A not uncommon sight in the UK. Councils spend huge sums of tax payers money to regenerate urban areas including stone/concrete paved pedestrianised areas. A few weeks later gas, telecom or electricity companies do this.
The worst is when they dig up stone cobbled streets that are hundreds of years old and refill with tarmac.
This really grinds my gears!
One of the things they do that really drives me nuts is when they dig up a junction with road markings, when they tarmac over the bit they dug up they then repaint the white lines, but ONLY on the tiny strip they dug up, leaving the rest of the old faded lines with just one patch of bright white paint on it. Looks ridiculous. Seriously they can’t repaint the entire line!?
I don’t even understand how you end up with tarmac instead of pavement in the type of street pictured in the illustration. I mean isn’t it just faster and easier to put the block of pavement back into the hole it left once you’re done ??
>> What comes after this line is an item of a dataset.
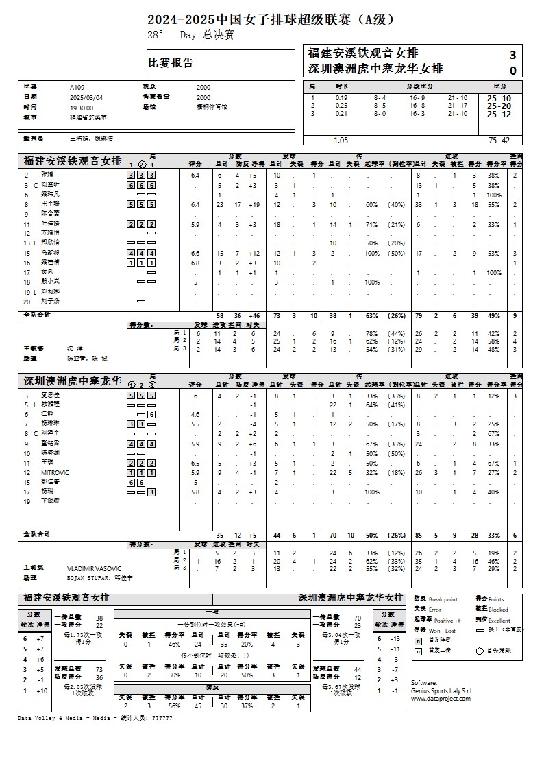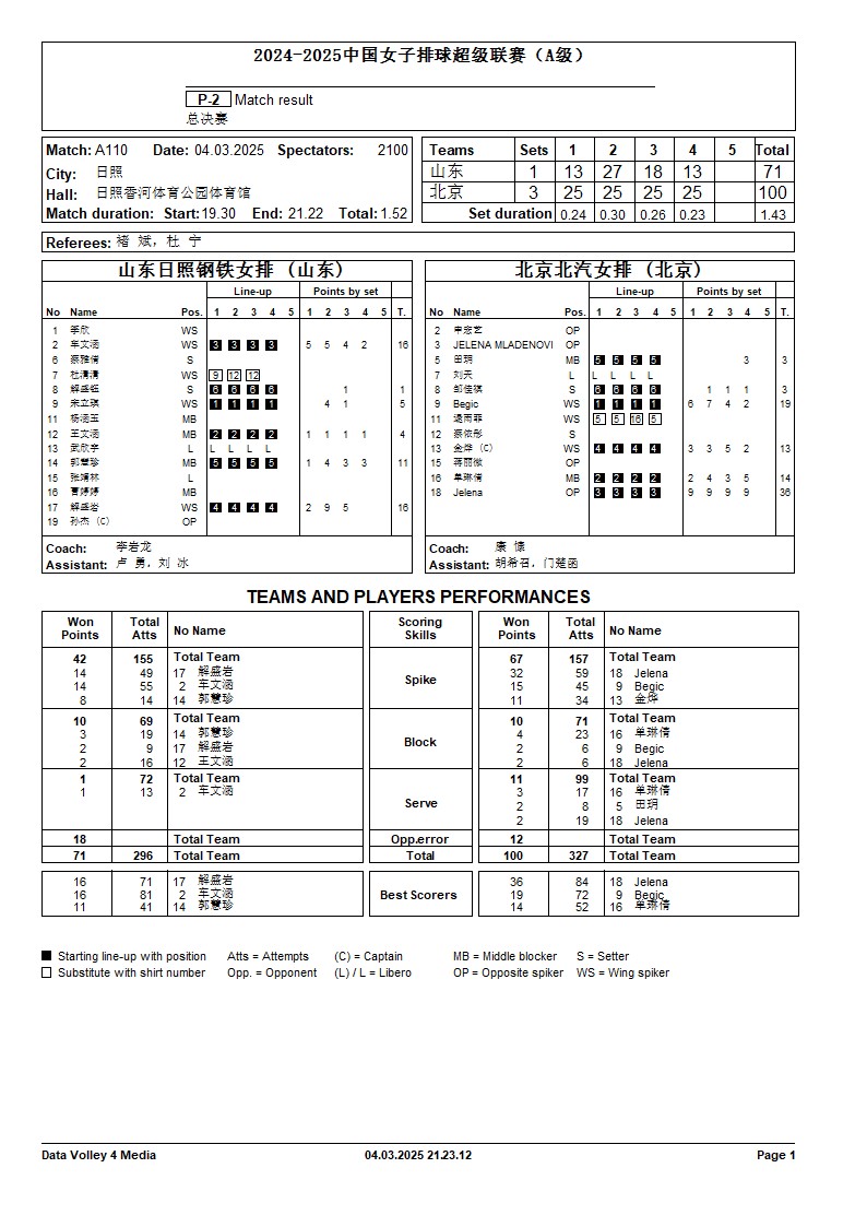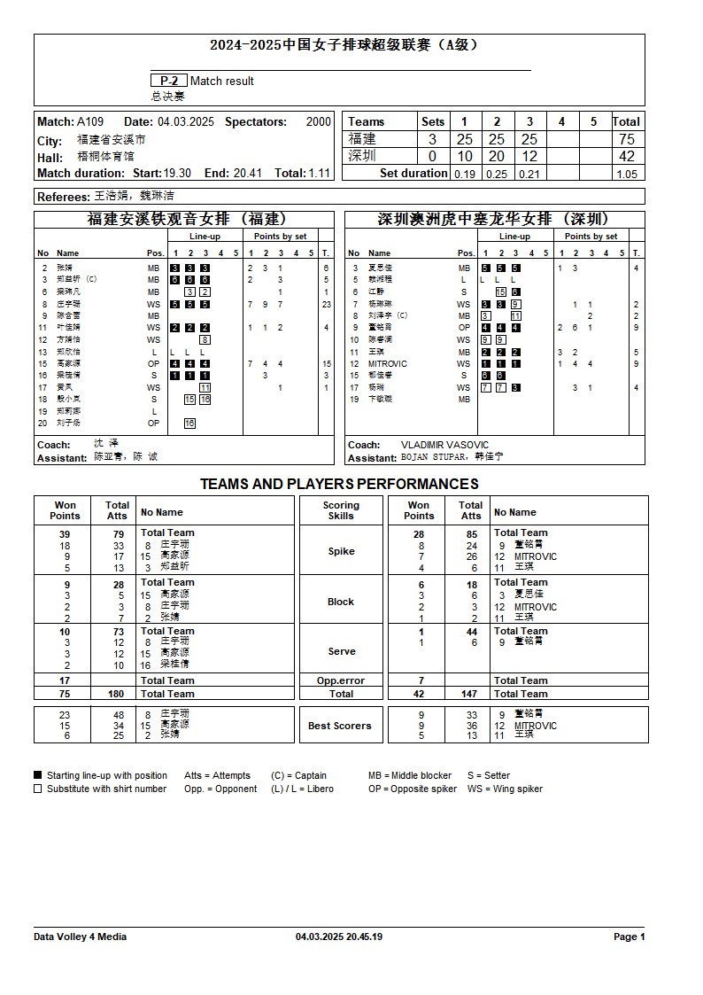 2024-2025中国女子排球超级联赛A级总决赛4号公告

It sounds like it’s faster, easier and cheaper to just dump asphalt and pay the fine.
Those who fail to restore the road to its previous state are only liable for a fine of up to £2,500. Boys Smith said: “This is clearly monstrously insufficient for the size of the firms involved and is not working.”
I’d bet on a proper fix costing a lot more than the £2,500 fine. More and more, it seems like the authors behind the EU’s GDPR had proper fine structures figured out. Make the fine some percentage of the company’s global annual revenue and suddenly they sit up and listen.